Winemakers on the East Coast had to wait for good winemaking grapes like Malaga and Zinfandel to come in by rail car from California. But Santa Clara Valley winemakers, like Father, were lucky enough to have the plentiful grapes of the Napa and Almaden valleys practically in their backyards. They only had to drive in their pickups to local vineyards to buy boxes of the finest grapes. Some old-timers nurtured their own tiny grape vineyards for the express purpose of making their own red wine.
Devoted winemakers, like Father, usually owned their own grape-crushers, while others rented or borrowed one each fall. After the crush was finished, the juice was poured by funnel into the huge oak barrels, which had been cured with sulfur smoke.
Here's where the talent for good winemaking would come in. One mistake and the winemaker's barrels would be filled with vinegar instead of wine. But, like Father, most winemakers had inherited their skills from the Old Country and rarely made a bad batch.
My favorite memory of winemaking was how the family gathered together at the ranch house to help father make the wine. The hub of activity was usually in Grandmother's kitchen, where the ladies were hard at work making pastas, sausages, raviolis and hot tomato ketchup, in preparation for a grand October feast. The aroma of roasted bell peppers wafted through the air from Grandmother's hot oven, filling our nostrils with their wonderful pungent smell. In the fall, the men in the family gathered in the cellar to cure the wine barrels and to help father set up his winepress. Some of the men helped father haul in the grapes; others set up the grape-crusher and some others cured the oak barrels. As a child, I remember hearing Papa and Nonna speak of the renowned vineyards of Brolio Castle, the baronial estate of the Ricasoli family, an area famed for its Chianti wine. It is said that wine has been made in this region of Italy since 1000 C.E. It was this revered standard of Chianti that father tried his best to clone.

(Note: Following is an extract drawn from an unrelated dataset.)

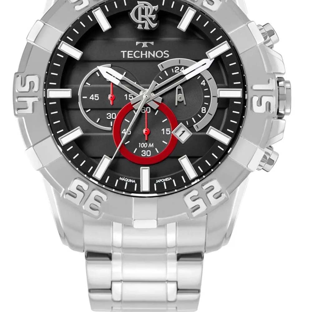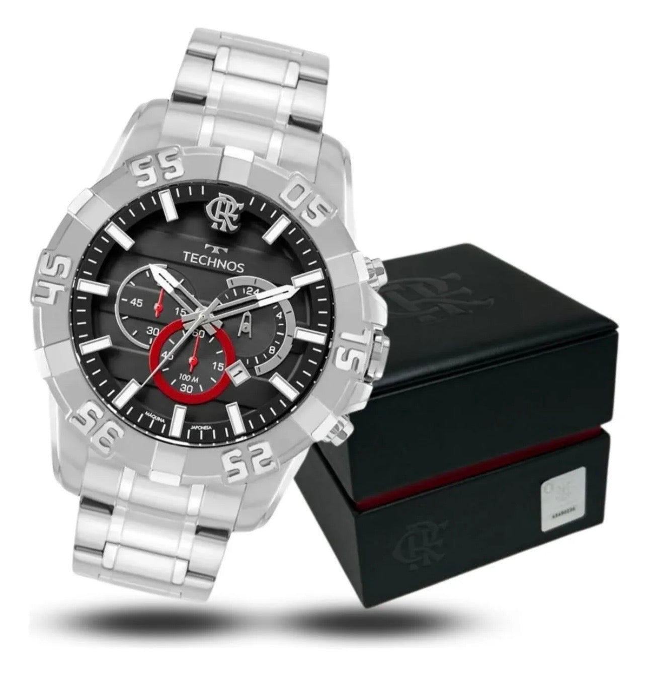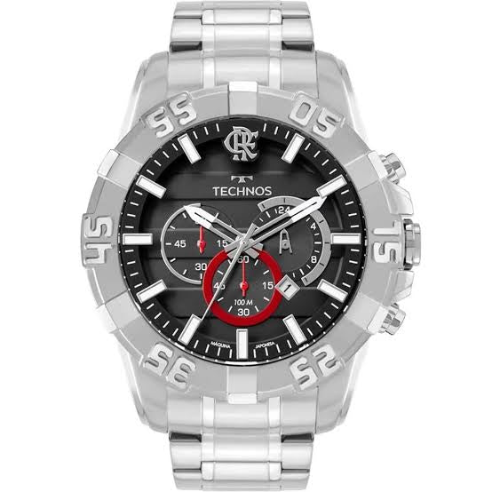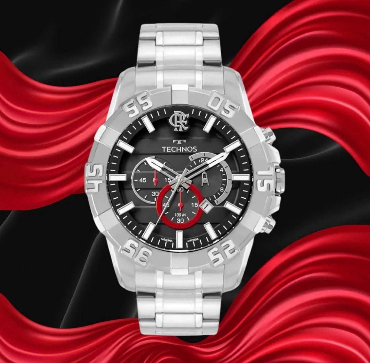 Relógio Technos Flamengo Masculino Prateado – Cronógrafo 100M Mostre sua paixão pelo Mengão com estilo e sofisticação! O Relógio Technos Flamengo combina a tradição de uma das maiores marcas de relógios do Brasil com o orgulho de torcer para o Rubro-Negro. Com design robusto e marcante, este modelo traz caixa e pulseira em aço inoxidável Prateado, que transmitem imponência e elegância. O mostrador preto possui detalhes em vermelho e Prata, além do escudo do Flamengo em destaque na posição de 12h, reforçando a identidade do torcedor. Conta ainda com cronógrafo multifunção, ponteiros e marcadores luminosos e resistência à água de até 100 metros, ideal para o dia a dia ou ocasiões especiais. Este relógio vem acompanhado de estojo exclusivo personalizado do Flamengo, tornando-se também uma excelente opção de presente. Detalhes técnicos • Marca: Technos • Linha: Flamengo • Gênero: Masculino • Mecanismo: Analógico • Funções: Cronógrafo multifunção • Material da Caixa: Aço inoxidável Prateado• Material da Pulseira: Aço inoxidável Prateado• Cor do Mostrador: Preto com detalhes vermelhos e Prata • Vidro: Cristal mineral • Diâmetro da Caixa: 50 mm (aprox.) • Espessura da Caixa: 13 mm (aprox.) • Resistência à Água: 100 metros (10 ATM) • Fecho: Dobrável com trava de segurança • Garantia: 1 ano com o fabricante • Acompanha: Estojo exclusivo Flamengo + manual + certificado de garantia ⸻ Um acessório que une elegância, funcionalidade e paixão pelo Flamengo.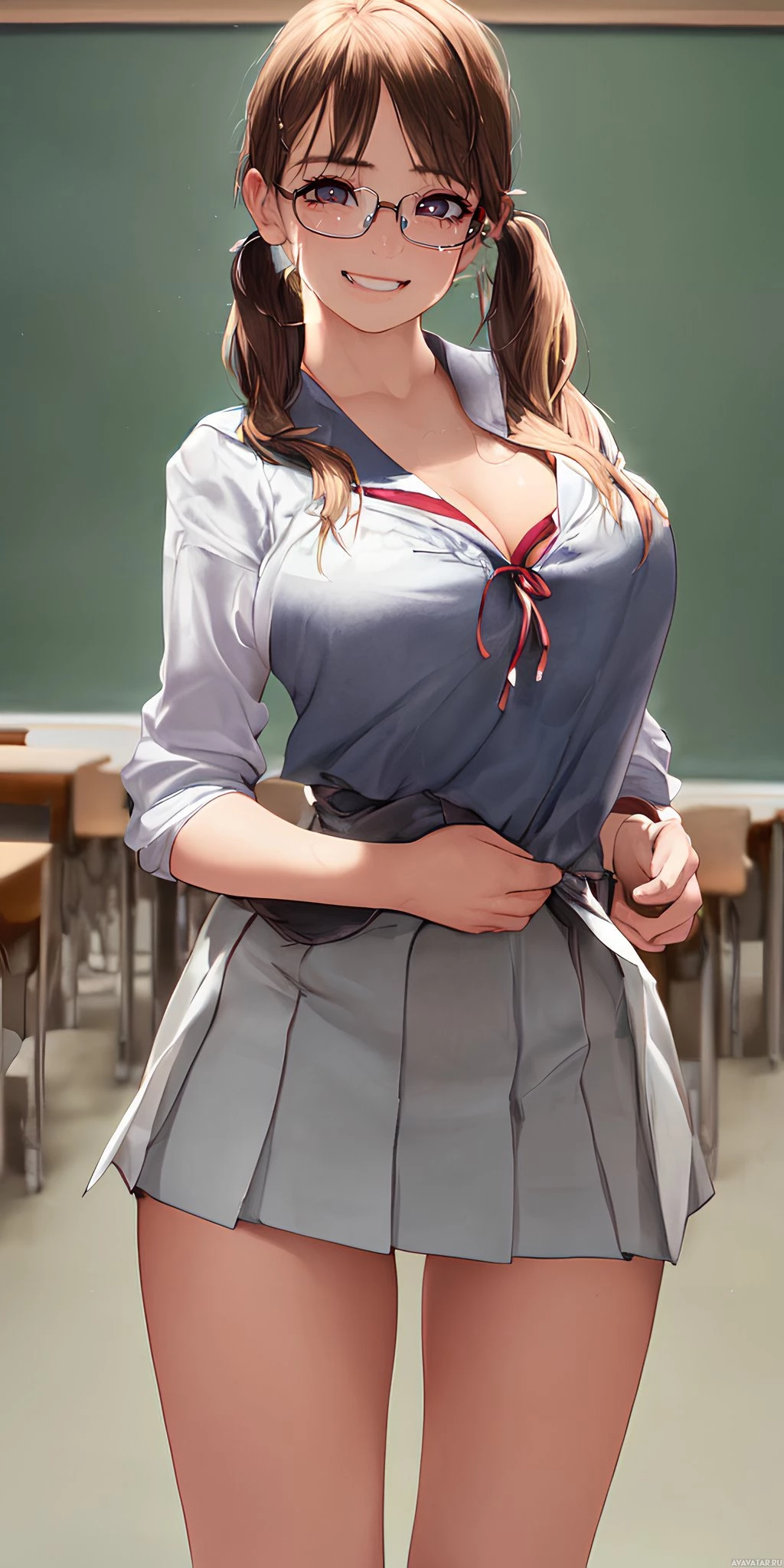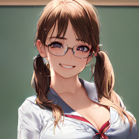 a character from anime. She is depicted as a girl with glasses, dressed in what appears to be school uniform attire, consisting of

"Drink no longer water, but use a little wine for thy stomach's sake," advised Paul in the Bible. Wine has been around for thousands of years. Its benefits have been passed down from generation to generation. But only recently, thanks to modern medicine, we now have scientific proof that wine can aid digestion and wipe out bacteria better than bismuth salicylate (Pepto Bismol).
But all of this wouldn't be any news to Grandma Isolina and Grandpa Antonio, who lived well into their 90s, enjoying a daily glass of homemade red wine.
The Benefits of Red Wine in our Diet:
Both grandma and grandpa loved red wine. They had it with dinner and they included it in may recieps. Reserch has found that Red wine may suppress one of the main chemical culprits in heart disease.
It is believed that Red wine blocks a cellular compound thought to be a key factor in heart disease, a new study bolsters claims that red wine carries more health benefits than other alcoholic beverages.
Studies on red wine suggests that non-alcoholic extracts from red wine inhibit the formation of endothelin-1, a chemical that makes blood vessels constrict. Compounds that block endothelin-1 may reduce the formation of fatty streaks in blood vessels and decrease heart attack risks.